Cant help on the third.

Sorry just re checked the third was ok until last year now the wardens move you on.


----------



## Canalsman (Apr 23, 2010)

hogan said:


> The first link is a no no you will be moved by the hotel owner as this is private parking.
> The second is your best bet very quiet.I know it well.
> Cant help on the third.
> 
> Sorry just re checked the third was ok until last year now the wardens move you on.



Hi Hogan

The Saunton recommendation came from a thread you contributed to last year - http://www.wildcamping.co.uk/forums/devon/5840-torrington-braunton-croyde.html

Has the situation now changed?

What's the story with Braunton Burrows - which wardens would move you on?

Thanks ...


----------



## stuffygluepit (Apr 23, 2010)

*hello...*

Nice to meet you .. have a great first trip !!!

go for it !!


----------



## Guernsey Donkey (Apr 23, 2010)

Hi Beps and welcome to the wild side of travelling - you sound a bit of a nutter so you will fit in well on this site. 

Guernsey Donkey

Info:  http://www.wildcamping.co.uk/forums/scotland/5607-isle-lewis-isle-harris-western-isles.html

Pics:  http://www.wildcamping.co.uk/forums/photo-gallery/7168-western-isles.html


----------



## hogan (Apr 23, 2010)

Canalsman said:


> Hi Hogan
> 
> The Saunton recommendation came from a thread you contributed to last year - http://www.wildcamping.co.uk/forums/devon/5840-torrington-braunton-croyde.html
> 
> ...



Ok a little confusion here,when I clicked on the top link "A" showed on the map as the small private carpark for the hotel but having looked again I can see a green arrow and this is in the correct place app N51 06 58  W004 13 15

I have been told that the third one is now on what has been classified as a wild life area and as such they employ wardens to drive around and look after the place.Years ago when I lived there you could do anything within reason without any problems.
Hope this helps
(if you need any more info re N.Devon area I may be able to help )


----------



## Canalsman (Apr 23, 2010)

hogan said:


> (if you need any more info re N.Devon area I may be able to help )

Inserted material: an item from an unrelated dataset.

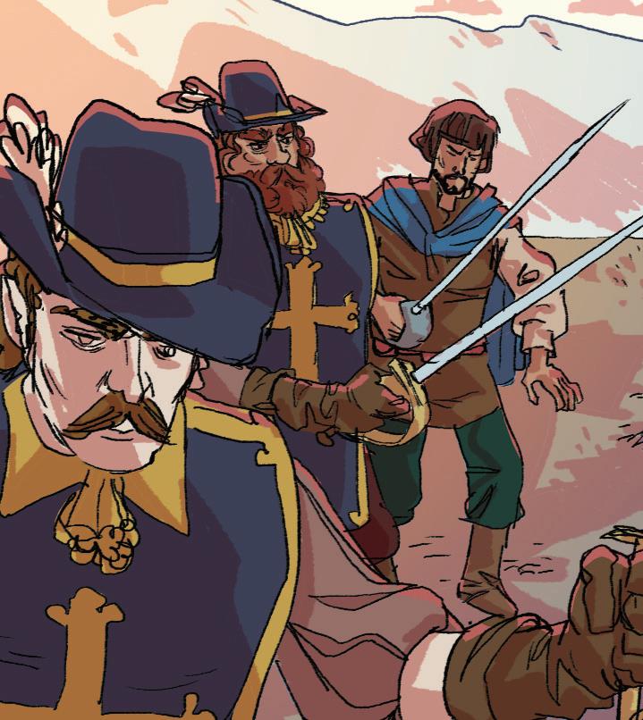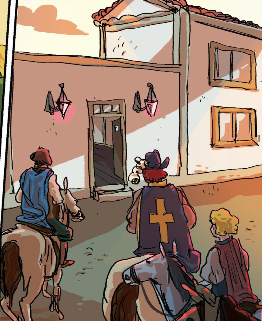 They rode all morning until they came to an inn. There, Porthos met a man and they started ghting. The man worked for Cardinal Richelieu, but Porthos did not know that.

Yes please ... the more I can add to the POI information the better.

Send stuff by PM if you prefer ...


----------



## Beps (Apr 23, 2010)

Thanks a lot to all!
I am on hold at the moment as insurance documents where meant to arrived Thursday morning are not here yet  can't tax the wild beast without . Hopefully in the morning all this waiting will go to an end. Finger crossed for now.

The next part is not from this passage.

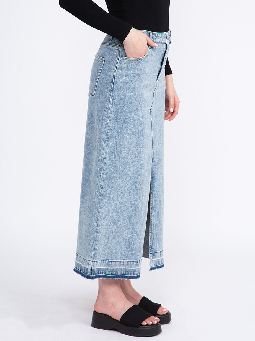 Women's Maxi Denim Skirt with Raw Hem is rated

Have a lovely hot weekend to all
Beps


----------



## frostybow (Apr 25, 2010)

dont forget spanners and duct tape verrrrry handy and if needs must wife to push van he he have a lovely time


----------



## Beps (Apr 26, 2010)

he he, I had 2 fool toolboxes plus 1 full of screws/bolts etc.., so much stuff I could replace any engine part if required. Luckily only had to use 1 secure to secure the number plate. Thanks for the advice anyway.

I had to go to a campsite in the end as the lady had to do some work and I required 240V to power laptop.

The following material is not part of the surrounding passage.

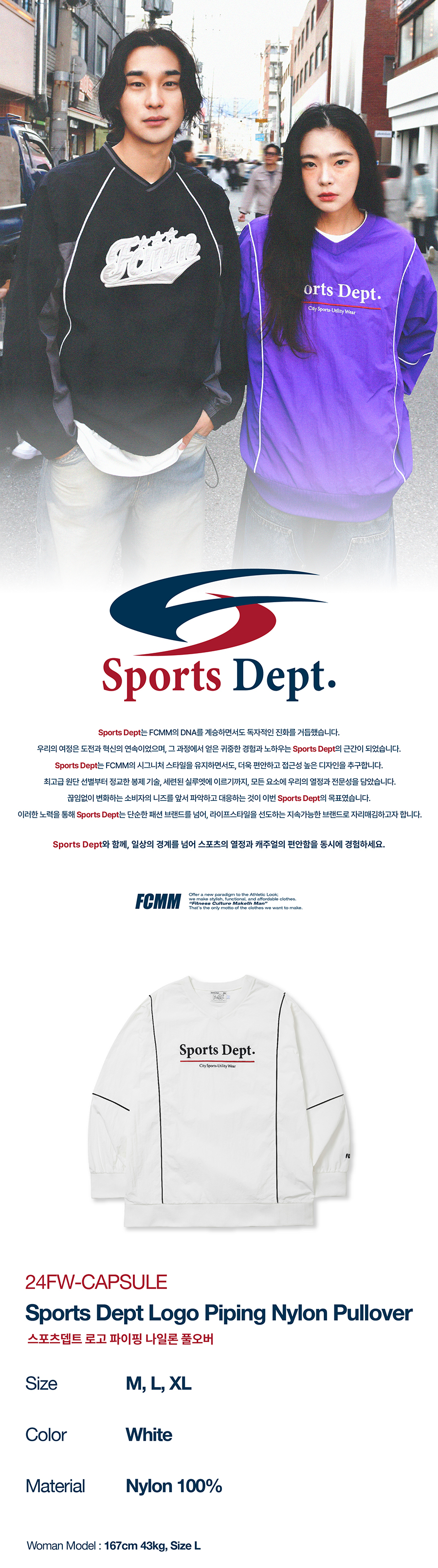 스포츠뎁트 로고 파이핑 나일론 풀오버 화이트

I and the lady really enjoyed our first weekend out on the motorhome.  

Thanks for all the advice
Beps


----------



## gairn (Apr 26, 2010)

Hi
If a cigar lighter power cable is available for your laptop you could get a 12 volt 2 pin socket/cigar lighter adapter and run your laptop off the leisure battery instead of using 240v - or alternatively you could get an inverter - no need for campsite then, although the other luxuries are sometimes hard to resist - copious hot showers etc etc... just a thought.
Cheers
Gairn


----------



## Canalsman (Apr 26, 2010)

Beps said:


> I had to go to a campsite in the end as the lady had to do some work and I required 240V to power laptop.



Maplin do a 12v DC adapter to power laptops - it plugs into the cigar lighter.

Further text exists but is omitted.